De acordo com pt.wedoany.com-A Universidade Monash, na Austrália, lançou a Iniciativa de Minerais Críticos (MCMI), que reúne mais de 40 pesquisadores das Faculdades de Negócios e Economia, Ciências, Engenharia e Artes, para enfrentar os desafios da Austrália em capacidade de processamento de minerais críticos.

A universidade afirmou que, em meio ao aumento da demanda por minerais críticos e à crescente competição geopolítica, o plano aproveitará as reservas existentes do país. A universidade destacou que as taxas de exploração já diminuíram, enquanto a capacidade de processamento permanece altamente concentrada no exterior, e a capacidade doméstica está fragmentada entre instituições e setores.
O professor e vice-diretor da Faculdade de Negócios e Economia da Universidade Monash, Russell Smyth, disse que esse desafio não pode ser resolvido por uma única disciplina. Smyth afirmou: "A MCMI reúne expertise interdisciplinar, visando ajudar a equilibrar a segurança do fornecimento com a sustentabilidade, garantindo que a extração, o processamento e a reciclagem sejam eficientes e responsáveis. Ao aproveitar a ampla expertise da Universidade Monash em minerais críticos, a MCMI pode adaptar soluções para prever flutuações de mercado, reduzir riscos geopolíticos e acelerar a transição para tecnologias de energia limpa."
A Universidade Monash afirmou que, dado que a Agência Internacional de Energia (International Energy Agency) prevê que a demanda por minerais críticos dobrará ou até quadruplicará até 2040, a MCMI, como iniciativa interdisciplinar, visa garantir a posição da Austrália na cadeia de fornecimento global. O plano abrange toda a cadeia de valor dos minerais, desde tecnologias de descoberta e extração de recursos até gestão ambiental, modelagem de cadeia de fornecimento, políticas de investimento e licença social.
A MCMI está estruturada em torno de seis pilares de pesquisa, envolvendo novos recursos minerais, tecnologias de processamento futuro, recuperação de minas, sistemas de impacto ambiental e social, políticas e economia, e segurança nacional. O plano focará em materiais como elementos de terras raras, lítio e cobalto, essenciais para tecnologias como veículos elétricos, baterias, turbinas eólicas, painéis solares e capacidades de defesa.
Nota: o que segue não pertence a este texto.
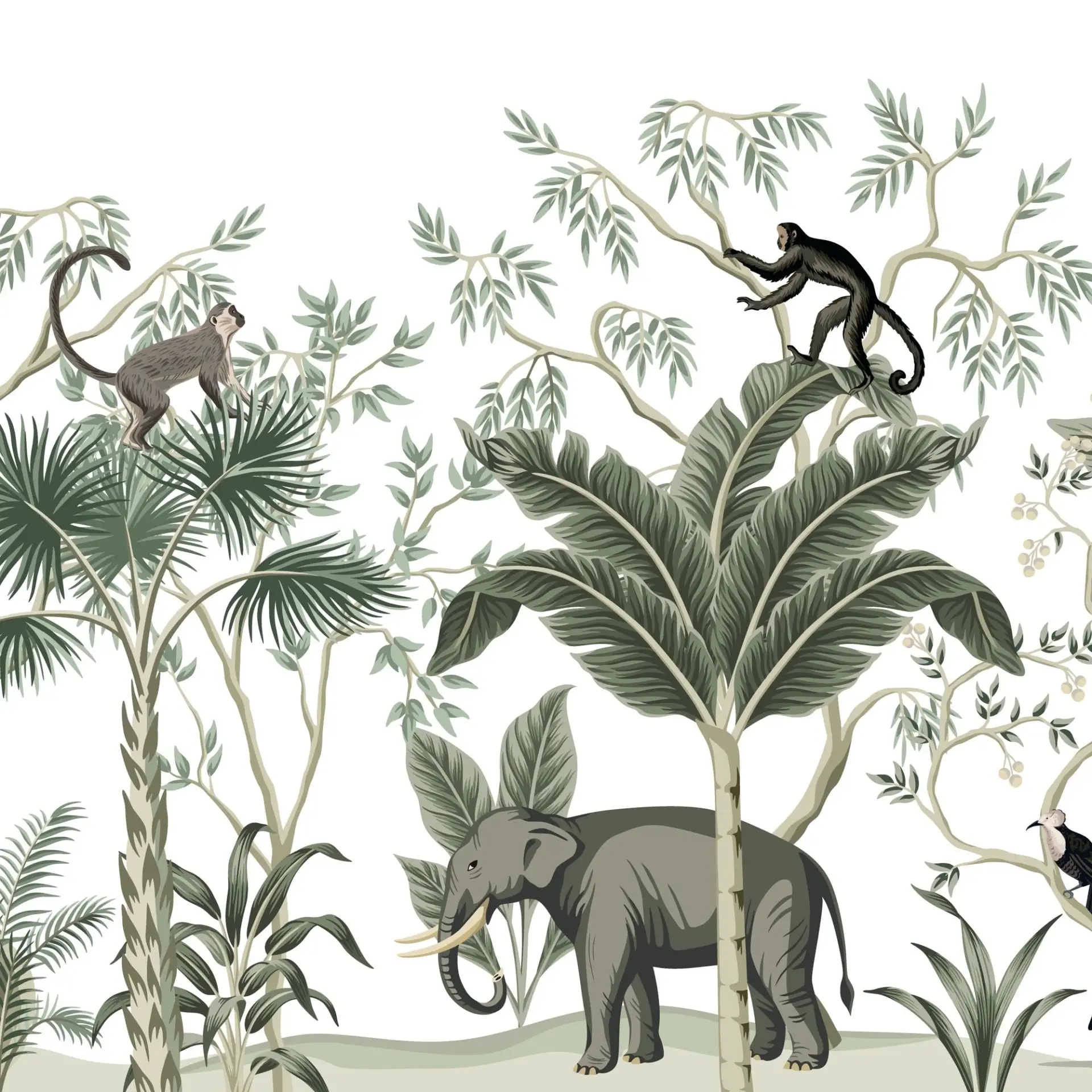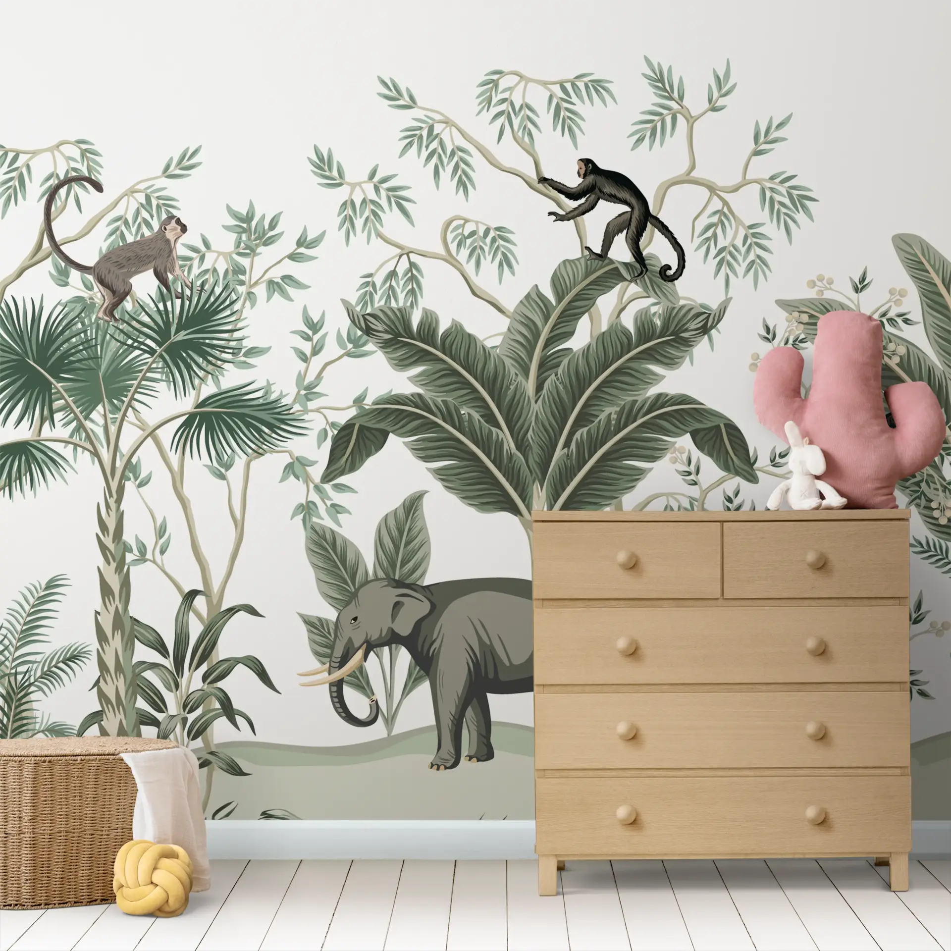 Cute jungle safari kids wallpaper with elephants and monkeys for nursery or child bedroom featuring soft green botanical forest wall art

O professor do Departamento de Engenharia Química e Biológica da Faculdade de Engenharia, Sankar Bhattacharya, afirmou que o plano posiciona a Universidade Monash como um centro líder em pesquisa de minerais críticos na região do Indo-Pacífico. Bhattacharya disse: "Nosso foco é desenvolver e rapidamente traduzir conceitos básicos de prova de princípio científico em tecnologias de processamento futuro que sejam ambientalmente sustentáveis e economicamente viáveis. Essa confiança é apoiada por nossas publicações e patentes, que mostram que podemos extrair metais críticos de resíduos de baixo valor e resíduos históricos de outras indústrias."
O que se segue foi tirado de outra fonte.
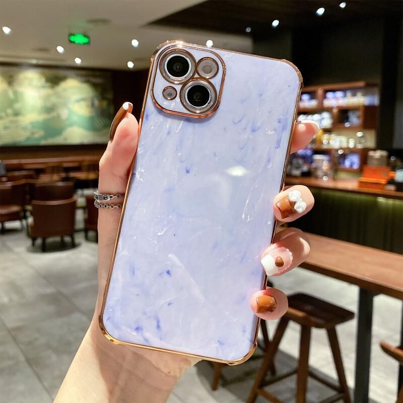 Θήκη τηλεφώνου με υφή μαρμάρου και ηλεκτρολυτική επίστρωση για iPhone 14 Pro Max (Ανοιχτό Μωβ)
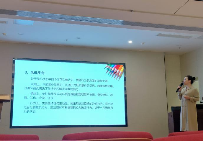 高華教授通過(guò)深入淺出的講解和豐富的案例分析,為輔導(dǎo)員們提供了寶貴的知識(shí)和經(jīng)驗(yàn)分享。講座內(nèi)容涵蓋了心理危機(jī)的識(shí)別、預(yù)防策略、干預(yù)方法以及如何構(gòu)建有效的支持系統(tǒng)等多個(gè)方面。高華教授特別強(qiáng)調(diào)了早期識(shí)別和及時(shí)干預(yù)的重要性,并提供了實(shí)用的溝通技巧和心理支持策略。
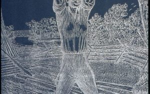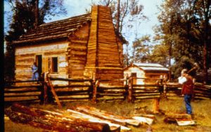 Log cabin & man in period dress splitting logs. New Salem Log cabin & man in period dress splitting logs. New Salem
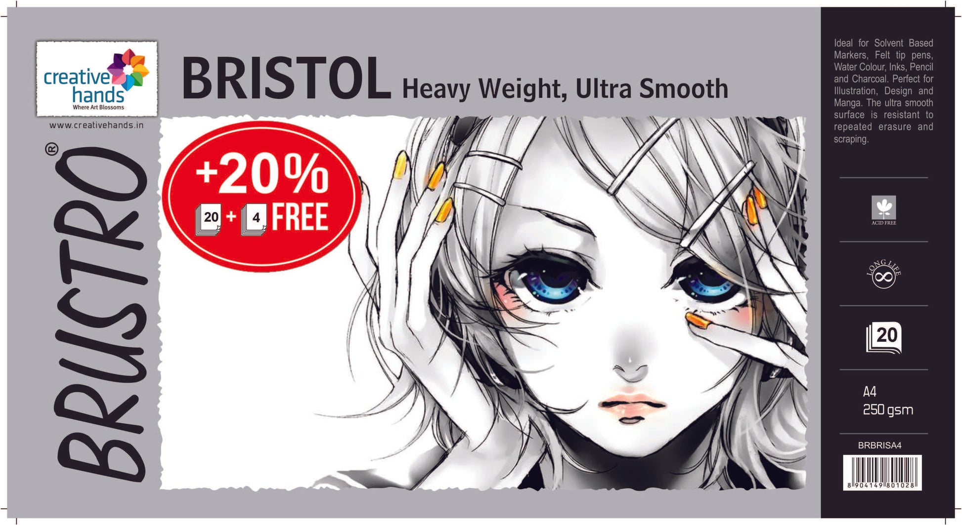 The Brustro Bristol paper features sheets of 250gsm, paper is produced utilising hydroelectric power thus reducing greenhouse gas emissions into the atmosphere. Being an ultra-smooth surface is resistant to repeated erasure and scraping. Ideal for solvent based markers, felt tip pen, watercolour, ink, airbrush, pencil &, charcoal. Perfect for illustration, design and manga. The bright white coloring makes for excellent contrast. Perfect for artists' & amatures. The absence of acid guarantees its inalterability over time. Made in Italy. Available in 3 sizes.

Os pesquisadores colaborarão com vários parceiros, incluindo a Organização de Pesquisa Científica e Industrial da Commonwealth (CSIRO), a Geoscience Australia, a Resources Victoria, a Agência Internacional de Energia e o Centro de Pesquisa do ARC para Utilização e Reciclagem de Carbono. O professor da Faculdade de Ciências da Terra, Atmosfera e Ambiente, Andy Tomkins, acredita que esse nível de colaboração dentro da universidade e com parceiros da indústria representa uma oportunidade para fazer a diferença. Tomkins afirmou: "Por muito tempo, ouvimos que as mudanças climáticas levarão a mudanças catastróficas. Agora, podemos começar a resolver o problema construindo o pipeline de minerais críticos necessários para infraestrutura de energia renovável, veículos elétricos e tecnologias avançadas de baterias."